Reputation: 1692
I am having trouble implementing my hash function for my hash table.
I want to hash my words such that A = 1, B = 2, C = 3, and so on. The position of the letter in the word is irrelevant, since we will consider permutations of the word. Moreover, the case of the letter will be irrelevant in this problem as well, so the value of a = the value of A = 1.
And for strings, abc = 1 + 2 + 3 = 6, bc = 2 + 3 = 5, etc.
And for cases where ab = 3 and aaa = 3, I have already had a way to handle that situation. Right now I just want to get the hash value.
The problem I am having right now is that aaa is giving me 1, and ab is giving me 2.
Below is my code:
int hash(char *word)
{
int h = 1;
int i, j;
char *A;
char *a;
// an array of 26 slots for 26 uppercase letters in the alphabet
A = (char *)malloc(26 * sizeof(char));
// an array of 26 slots for 26 lowercase letters in the alphabet
a = (char *)malloc(26 * sizeof(char));
for (i = 0; i < 26; i++) {
A[i] = (char)(i + 65); // fill the array from A to Z
a[i] = (char)(i + 97); // fill the array from a to z
}
for (i = 0; i < strlen(word); i++) {
//printf("HIT\n");
for (j = 0; j < 26; j++) {
// upper and lower case have the same hash value
if (word[i] == A[j] || word[i] == a[j]) {
h = h + j; // get the hash value of the word
//printf("HIT 2\n");
break;
}
}
}
printf("H: %d\n", h);
return h;
}
Upvotes: 0
Views: 2531
Reputation: 16156
Multiple issues:
Why a dynamic array? You know the size, it isn't going to change. You could use
char A[26];
char a[26]; // you can also add initialisation, e.g. = {'a', 'b', ...
Why an array in the first place?
So, here is the quick fix, staying close to your code.
Taking all of the above into account, you could simplify to:
int hash(char const * string) {
int h = 0;
for (; *string; ++string) {
int index = tolower(*string) - 'a' + 1;
if ((index > 0) && (index < 27)) {
h += index;
}
}
return h;
}
When only hashing words with non special characters, you need to handle ignored words in the caller somehow.
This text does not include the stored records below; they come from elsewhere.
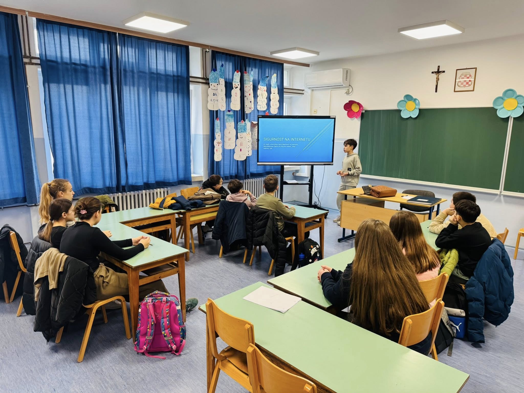 Poseban doprinos radionici dao je učenik Šime Lovrić koji je pripremio vrlo sadržajnu i zanimljivu prezentaciju. U svojoj prezentaciji istaknuo je najčešće oblike opasnosti na internetu, poput krađe identiteta, lažnih profila i elektroničkog nasilja, ali i konkretne savjete kako se zaštititi. Njegovo izlaganje potaknulo je učenike na dodatnu raspravu i razmjenu mišljenja.
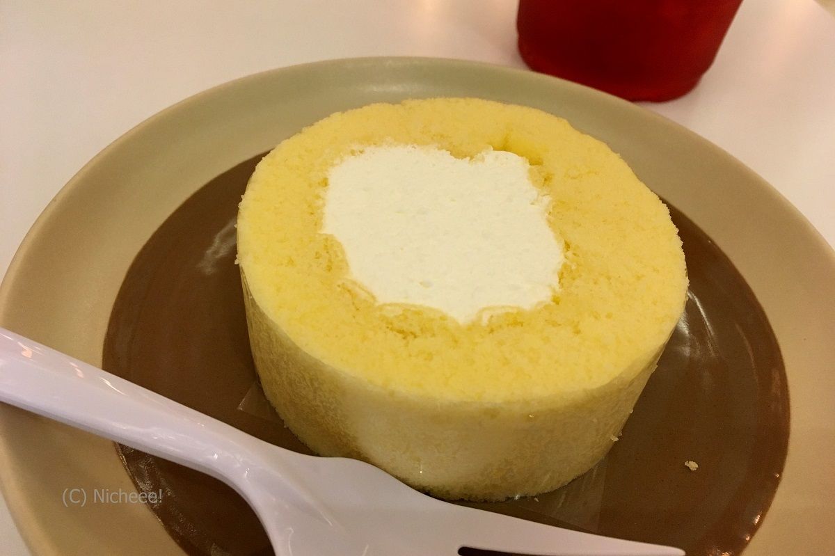 試しに、頼んで食べてみました。味は極めて普通の、ロールケーキ。甘すぎずでしたが、味のクオリティとしては値段相応でした。
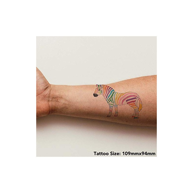 'Rainbow Zebra' Temporary Tattoo - Water Resistant, Skin-Safe, Non-Toxic Transfer (TO00029354)
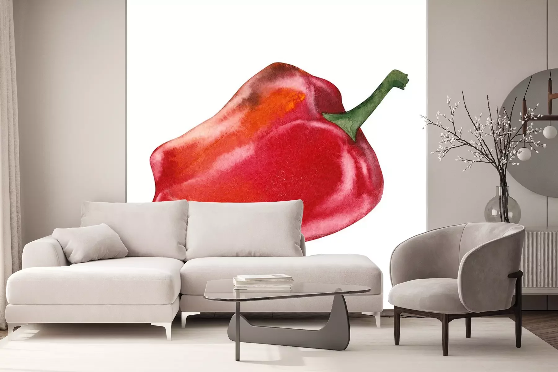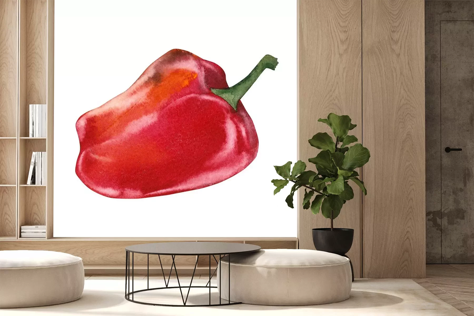 Sticker Rote Paprika mit Aquarellfarben gemalt

char hash(char const * string, int * h) {
*h = 0;
for (; *string; ++string) {
int index = tolower(*string) - 'a' + 1;
if ((index > 0) && (index < 27)) {
*h += index;
} else {
return 0;
}
}
return 1;
}
That way you can use the return value to test if the word should be ignored.
Upvotes: 2
Reputation: 2785
change h=h+j
to h=h+j+1
and h=1
to h=0
.
Also you should free the allocated memory so include these lines just before return:
free(A);
free(a);
However I don't understand why so complicated code was written for such a simple task.
A much simpler code can be written:
int hash(char *word)
{
int sum=0;
while(*word != '\0')
{
if(*word >='A' && *word < 'A'+26)
sum=sum+(*word -'A' + 1);
else if(*word >='a' && *word < 'a'+26)
sum=sum+(*word -'a' + 1);
else
return -1;
word++;
}
return sum;
}
Upvotes: 2
Reputation: 20244
I think that changing
int h = 1;
to
int h = 0;
and
h = h + j;
to
h = h + j + 1;
will fix the issue.
The one other problem is that you forgot to free the malloc
ed memory. Also, there is no need to cast the result of malloc
(and family) in C.
This
for (i = 0; i < strlen(word); i++) {
will call strlen
in every iteration of the loop. This will reduce the performance of your program. Use
int len = strlen(word);
for (i = 0; i < len; i++) {
instead, which is much faster as strlen
isn't called in every iteration. Lastly, sizeof(char)
is 1. So you can omit it.
Upvotes: 5